Aiming to succeed where Tru2way failed, the Digital Living Network Alliance has released new guidelines that attempt to securely link a pay TV provider’s full service slate to an array of retail consumer electronics devices, including PCs, Blu-ray players, tablets and smart TVs, without requiring separate set-top boxes.
Viewed by some as a possible “open,” market-driven alternative to the “AllVid,” a proposed successor to the CableCard being pushed for at the Federal Communications Association by the Consumer Electronics Association, the new DLNA “CVP-2” guidelines have a lofty aim: to enable a multichannel video-programming provider to offer its entire service (linear HDTV, DVR recordings, and even its user interfaces) on any retail device hanging off the home network.

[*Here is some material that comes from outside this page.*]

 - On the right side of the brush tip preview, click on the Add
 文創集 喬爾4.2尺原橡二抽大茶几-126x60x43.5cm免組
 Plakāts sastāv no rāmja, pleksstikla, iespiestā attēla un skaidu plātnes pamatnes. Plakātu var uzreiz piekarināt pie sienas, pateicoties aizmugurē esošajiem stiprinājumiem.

The navigation environment of the pay TV provider would be extended to other devices using a remote user interface (RUI) capability to deliver the information in HTML5 format via a home gateway or directly from the cloud.
But an ecosystem, which will include MVPD-provided gateways/servers and retail devices that integrate CVP- 2, still needs to develop. MVPDs and CE companies will need to build products that support CVP-2. And that’s still months away.

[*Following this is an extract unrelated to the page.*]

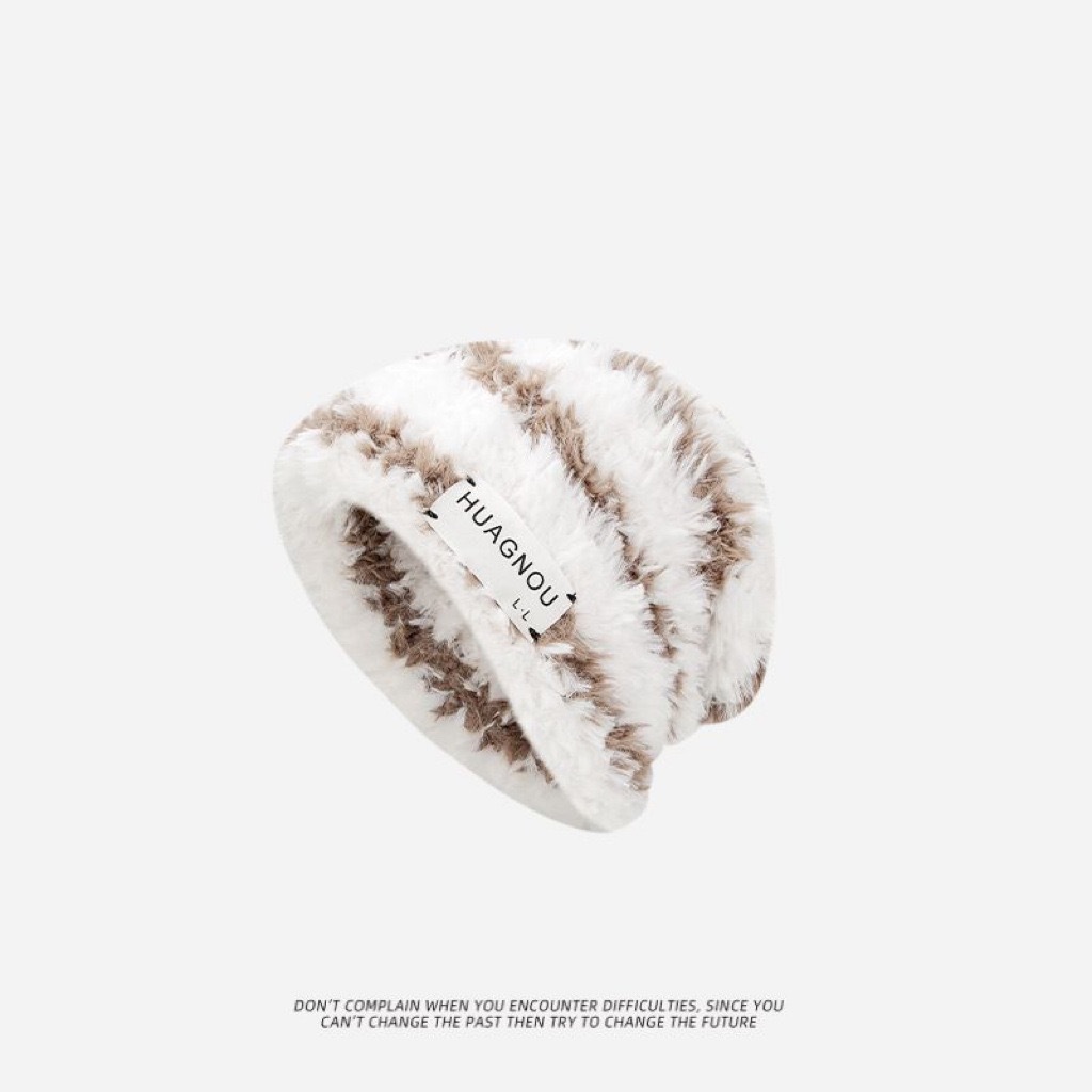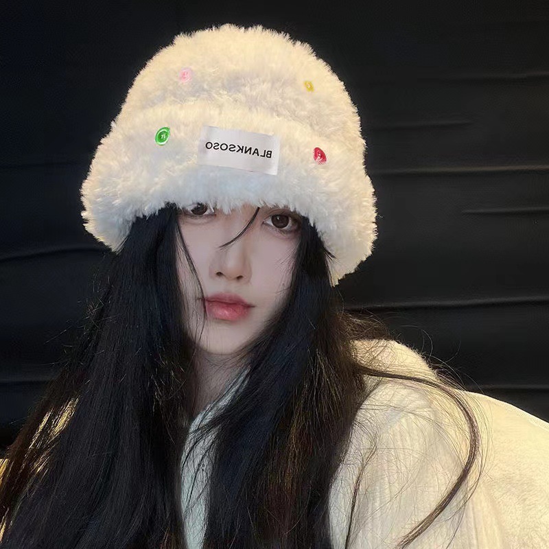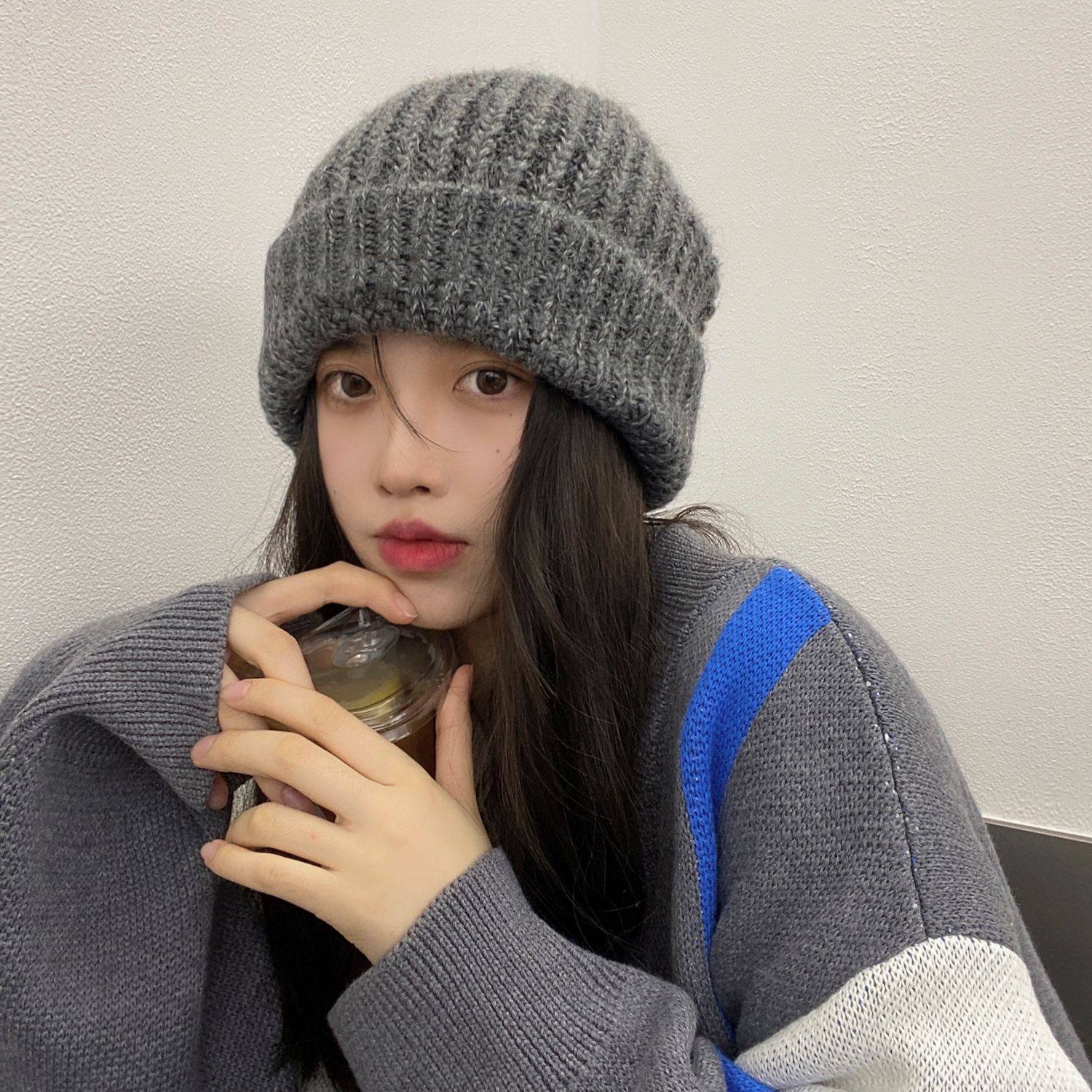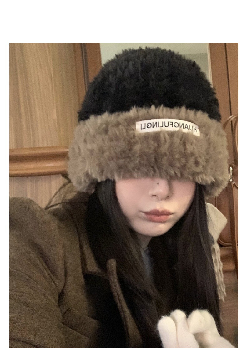 모자 여성 가을, 겨울 한국어 버전 귀여운 플러시 모자 플러스 벨벳 두꺼운 풀오버 니트 모자 따뜻한 귀 보호 모직 모자스토어 가기

The release of the guidelines means members can begin to build CVP-2-based products in preparation for certification testing, which is slated to get underway in September, according to the DLNA.
DLNA’s membership group comprises several major pay TV providers and their suppliers, including Comcast, Time Warner Cable, Cox Communications, Samsung, Arris, Sony, LG and Broadcom, among others.
CableLabs, the cable industry’s R&D house and interoperability specialist, is also in the alliance.
Notably absent from that group is TiVo, which said it is seeking more regulatory clarity before it commits to any plans involving CVP-2. In recent exchanges with the FCC, TiVo has generally emphasized a position that the Cable-CARD solution must remain in place until a successor standard is put in place.
The DLNA said the FCC has determined CVP-2 seems to comply with the commission’s requirement that operators support an open system that enables HD streaming over home networks to CE devices. Those requirements (recordable HD video, closed-captioning data, service discovery, video transport and remote control command pass-through) are currently scheduled to take effect on June 2. TiVo has sought an industry-wide waiver that would extend the compliance deadline.
Comcast has not set any specific timelines for supporting CVP-2, but the MSO will support it in the Reference Design Kit (RDK) software stack and will incorporate it in devices and interfaces that power its X1 platform, such as the XG1, a six-tuner HD-DVR, said David de Andrade, Comcast’s vice president, software architecture, who spoke on behalf of the DLNA.
Though many operators initially will support the new guidelines on home-networking gear using Multimedia over Coax Alliance (MoCA) technology, it’s expected they will also use Ethernet and WiFi.
“The guidelines are intended to support many homenetworking configurations,” de Andrade said.